▸ Task description
Retype the whole listing below exactly, keeping every picture out of it.

▸ Material provided
⁂

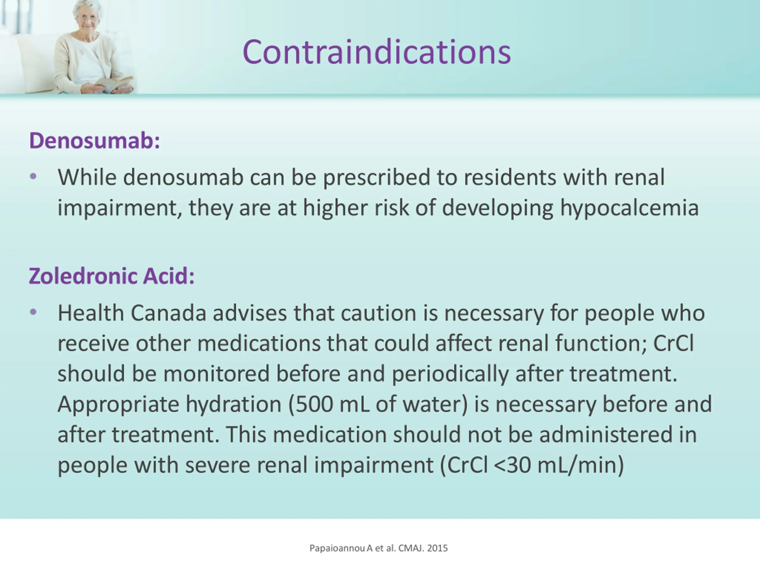 Contraindications Denosumab: While denosumab can be prescribed to residents with renal impairment, they are at higher risk of developing hypocalcemia ZoledronicAcid: Health Canada advises that caution is necessary for people who receive other medications that could affect renal function; CrCl should be monitored before and periodically after treatment. Appropriate hydration (500 mL of water) is necessary before and after treatment. This medication should not be administered in people with severe renal impairment (CrCl <30 mL/min) PapaioannouA et al.CMAJ. 2015
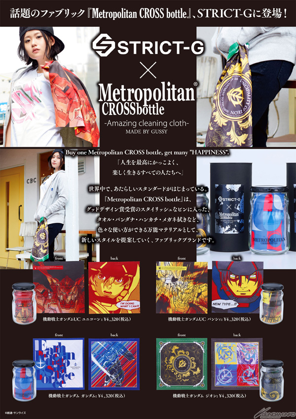 ガンダムの世界観を取り入れたアパレルショップ「STRICT-G」各店では、10月6日(土)よりお洒落な万能クロス「Metropolitan CROSS bottle」とのコラボアイテムが発売される。
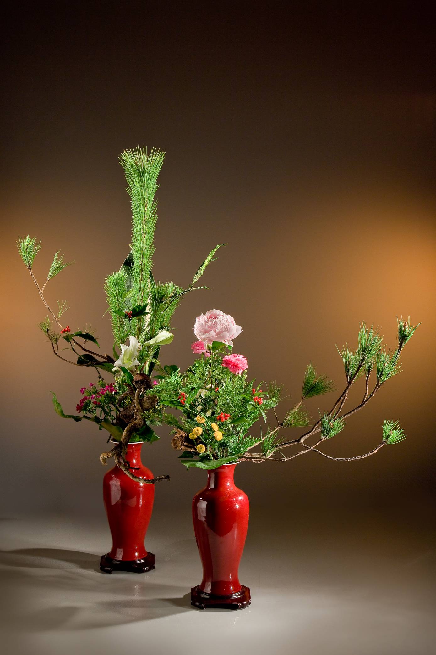 態,麗而不俗。插花創作時取雙紅瓶,插芍藥、松、菊、百合等佳卉芳

⁂

▸ Task response
 Contraindications Denosumab: While denosumab can be prescribed to residents with renal impairment, they are at higher risk of developing hypocalcemia ZoledronicAcid: Health Canada advises that caution is necessary for people who receive other medications that could affect renal function; CrCl should be monitored before and periodically after treatment. Appropriate hydration (500 mL of water) is necessary before and after treatment. This medication should not be administered in people with severe renal impairment (CrCl <30 mL/min) PapaioannouA et al.CMAJ. 2015
 ガンダムの世界観を取り入れたアパレルショップ「STRICT-G」各店では、10月6日(土)よりお洒落な万能クロス「Metropolitan CROSS bottle」とのコラボアイテムが発売される。
 態,麗而不俗。插花創作時取雙紅瓶,插芍藥、松、菊、百合等佳卉芳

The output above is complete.